__ACTION ITEM__
Skip every picture while you write out the records below, from the first line through the one that contains "一进入展厅,南京地质古生物所", both ends kept.

Items from a dataset:
+ + +
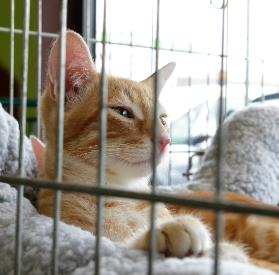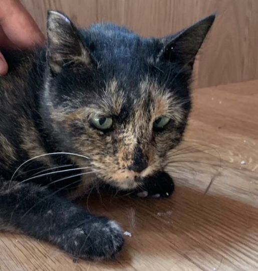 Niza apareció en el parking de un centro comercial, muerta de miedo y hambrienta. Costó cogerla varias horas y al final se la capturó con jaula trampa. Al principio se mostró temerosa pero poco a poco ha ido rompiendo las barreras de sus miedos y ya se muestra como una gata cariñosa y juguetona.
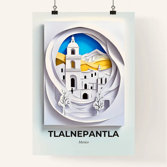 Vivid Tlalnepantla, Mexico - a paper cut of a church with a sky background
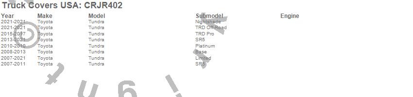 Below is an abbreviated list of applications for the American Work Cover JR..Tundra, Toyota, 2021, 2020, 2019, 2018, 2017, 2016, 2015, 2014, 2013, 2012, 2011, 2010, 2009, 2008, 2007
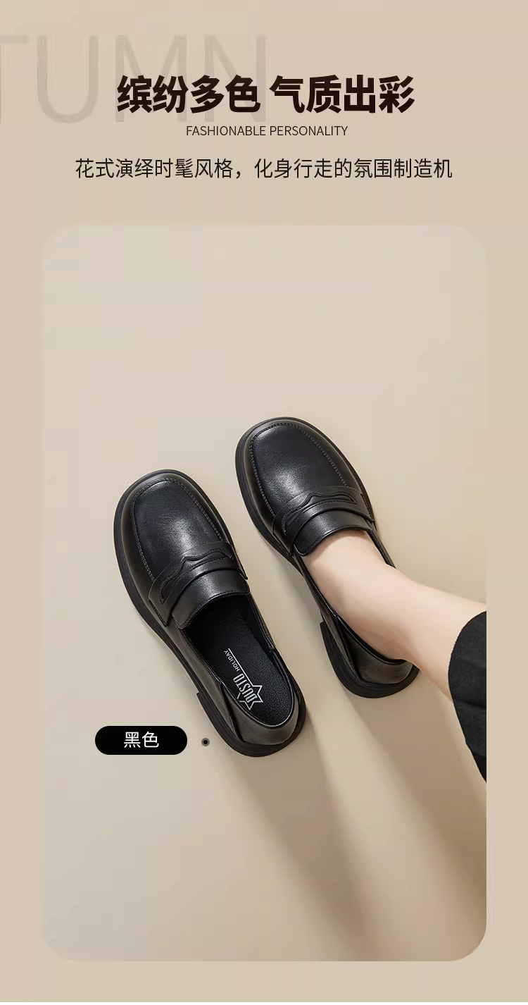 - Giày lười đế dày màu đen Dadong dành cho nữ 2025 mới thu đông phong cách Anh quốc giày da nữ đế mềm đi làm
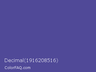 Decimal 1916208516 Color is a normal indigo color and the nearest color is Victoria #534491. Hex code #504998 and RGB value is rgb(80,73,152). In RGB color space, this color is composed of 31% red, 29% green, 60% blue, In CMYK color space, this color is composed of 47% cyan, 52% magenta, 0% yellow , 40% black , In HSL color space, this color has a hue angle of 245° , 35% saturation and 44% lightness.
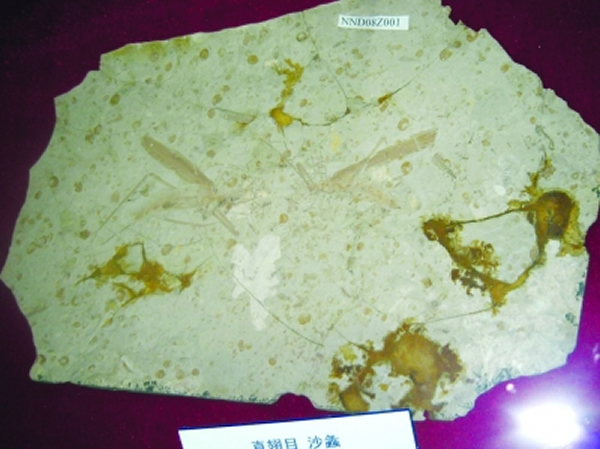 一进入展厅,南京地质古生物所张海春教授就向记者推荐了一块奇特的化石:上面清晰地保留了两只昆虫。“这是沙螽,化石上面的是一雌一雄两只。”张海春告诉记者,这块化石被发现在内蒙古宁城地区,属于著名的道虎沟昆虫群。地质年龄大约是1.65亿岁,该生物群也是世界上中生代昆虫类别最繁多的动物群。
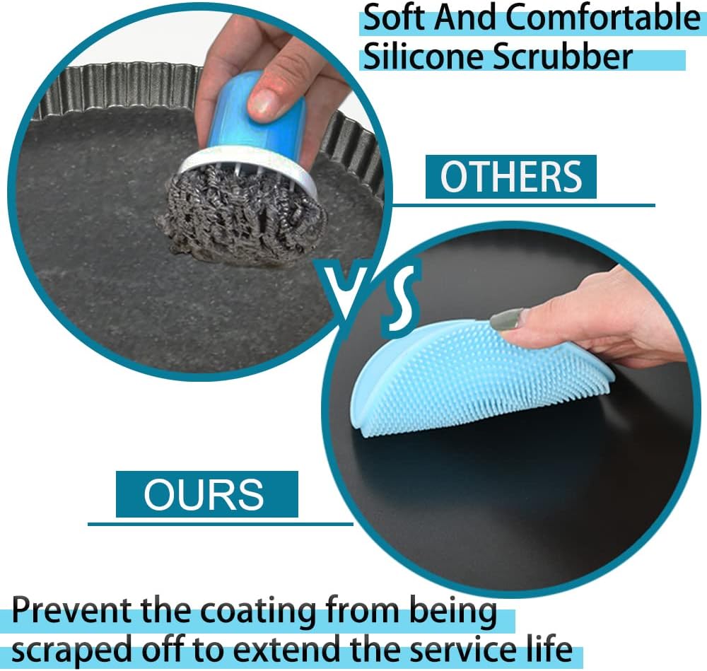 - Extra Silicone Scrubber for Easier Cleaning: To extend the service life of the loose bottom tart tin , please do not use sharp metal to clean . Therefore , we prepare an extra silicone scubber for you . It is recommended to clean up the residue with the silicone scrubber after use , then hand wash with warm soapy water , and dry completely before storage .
+ + +
__WRITTEN SOLUTION__
 Niza apareció en el parking de un centro comercial, muerta de miedo y hambrienta. Costó cogerla varias horas y al final se la capturó con jaula trampa. Al principio se mostró temerosa pero poco a poco ha ido rompiendo las barreras de sus miedos y ya se muestra como una gata cariñosa y juguetona.
 Vivid Tlalnepantla, Mexico - a paper cut of a church with a sky background
 Below is an abbreviated list of applications for the American Work Cover JR..Tundra, Toyota, 2021, 2020, 2019, 2018, 2017, 2016, 2015, 2014, 2013, 2012, 2011, 2010, 2009, 2008, 2007
 - Giày lười đế dày màu đen Dadong dành cho nữ 2025 mới thu đông phong cách Anh quốc giày da nữ đế mềm đi làm
 Decimal 1916208516 Color is a normal indigo color and the nearest color is Victoria #534491. Hex code #504998 and RGB value is rgb(80,73,152). In RGB color space, this color is composed of 31% red, 29% green, 60% blue, In CMYK color space, this color is composed of 47% cyan, 52% magenta, 0% yellow , 40% black , In HSL color space, this color has a hue angle of 245° , 35% saturation and 44% lightness.
 一进入展厅,南京地质古生物所张海春教授就向记者推荐了一块奇特的化石:上面清晰地保留了两只昆虫。“这是沙螽,化石上面的是一雌一雄两只。”张海春告诉记者,这块化石被发现在内蒙古宁城地区,属于著名的道虎沟昆虫群。地质年龄大约是1.65亿岁,该生物群也是世界上中生代昆虫类别最繁多的动物群。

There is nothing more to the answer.